I decided to rewrite my blog post for this week after having technical difficulties with my website which I found to be quite funny considering I spent my last blog post talking about my struggles with technology and how I would like to get better at it. While I often feel as if I am an anomaly within my own generation, I can also appreciate my own ignorance in respects to technology. Should we be proud of how our society is overly consumed with technology? Our advances in the digital age are nearly past the point of believable. We should be proud of how far we have come technologically, but yet we are constantly trying to use technology less. Many people I know had the new years resolution this year to be on their phone less and in the moment more. As a society we appreciate the idea of going out into the woods for a few days and leaving our digital world behind. Why is that if so many of us see technology as a positive part of our life? I see it as a positive part of my life but there are also moments where I hate the fact that I use technology at all and wished it was different. I grew up on a farm in a rural area and I didn’t start using computers or even had a phones until I was around 13. When I think back on my life before technology consumed it, I miss it. However, I also feel like I was more ignorant. Not only because of my age, but I learn so much on a daily basis because of technology. If I have a question, I can have it answered in seconds. If you grew up without technology, how does your life feel different nowadays? Do you often wish you could go back in time where digital age wasn’t so present in your life? I do.
January 30, 2018
Keith Bunting
February 1, 2018 — 1:31 pm
Wow, that’s a really interesting observation about home. I too grew up surrounded by little technology access relative to other children I knew growing up, and I remember ‘home’ more fondly before I surrounded myself with laptops, phones, and TV screens. I wonder how Jeannette’s life would be different from the book if she had grow up with the kind of technological access and immersive media we possess today. Do you think technology can improve or better our idea of home, or does it more or less detract from the quality of life we often ascribe to feeling at ‘home’? It’s still a compelling take on how we interact with society and technology nowadays.
darbyu
February 4, 2018 — 10:07 pm
I totally agree that there is so much irony in the fact that people say they want to use technology less, and yet we keep becoming more and more dependent on it. I am definitely one of those people, even though I love having the benefits of technology. I often think back to my childhood, when I didn’t have a phone and my parents limited my TV time, and I think about how I played outside all the time, and how much more fun that was. I was almost never wishing I could just go watch TV.

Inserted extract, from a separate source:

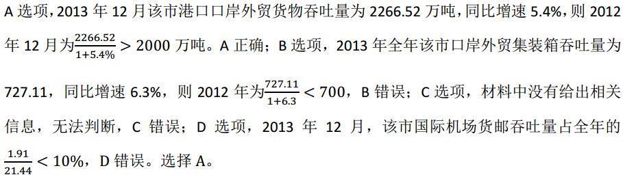 选项 A.2012年12月,该市港口口岸外贸货物吞吐量超过2000万吨 B.2012年全年,该市口岸外贸集装箱吞吐量超过700万标准箱 C.2013年该市国际机场货邮吞吐量一半以上是境内货邮 D.2013年12月,该市国际机场货邮吞吐量占全年的10%以上
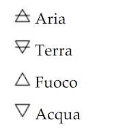 Ma c’è anche un altro livello di interpretazione. I quattro elementi naturali sono statiutilizzati in modo metaforico per rappresentare le diverse fasi dellatrasformazione spirituale dell'alchimista stesso. L’aria rappresentava lostadio di conoscenza e illuminazione, la terra lamaterializzazione e solidificazione, il fuoco la trasformazione e l'acqua lapurificazione e rigenerazione. Ecco i simboli associati a ognuno di essi.

It’s sad, though, that kids who can’t afford things like phones and computers, are now at risk of falling behind. Kids like Jeannette and her siblings, who already have so much to struggle with, now have to worry about keeping up with a technology centered world without having technology. I wonder how Jeannette would cope with that struggle if she were a kid today.
Cole
February 9, 2018 — 3:15 pm
Love your blog aesthetic and the picture of Autzen to start it off.
In terms of your post, I think about the positives and negatives of technology a lot. One thing I liked that you pointed out is how our questions can be answered in seconds using technology. I think this takes away part of our ability to critically think. We don’t spend much time “wondering” or using other experiences in our life to answer a question – rather we can just look it up. Also, because we are usually on our phones or other devices during our “down” time or right before we go to bed, we spend less time deep thinking than we did in the past. Sometimes our best ideas and greatest insights come when we have nothing to do and are just letting our minds wander – and that seems to have disappeared in this new age of technology, at least to a certain extent.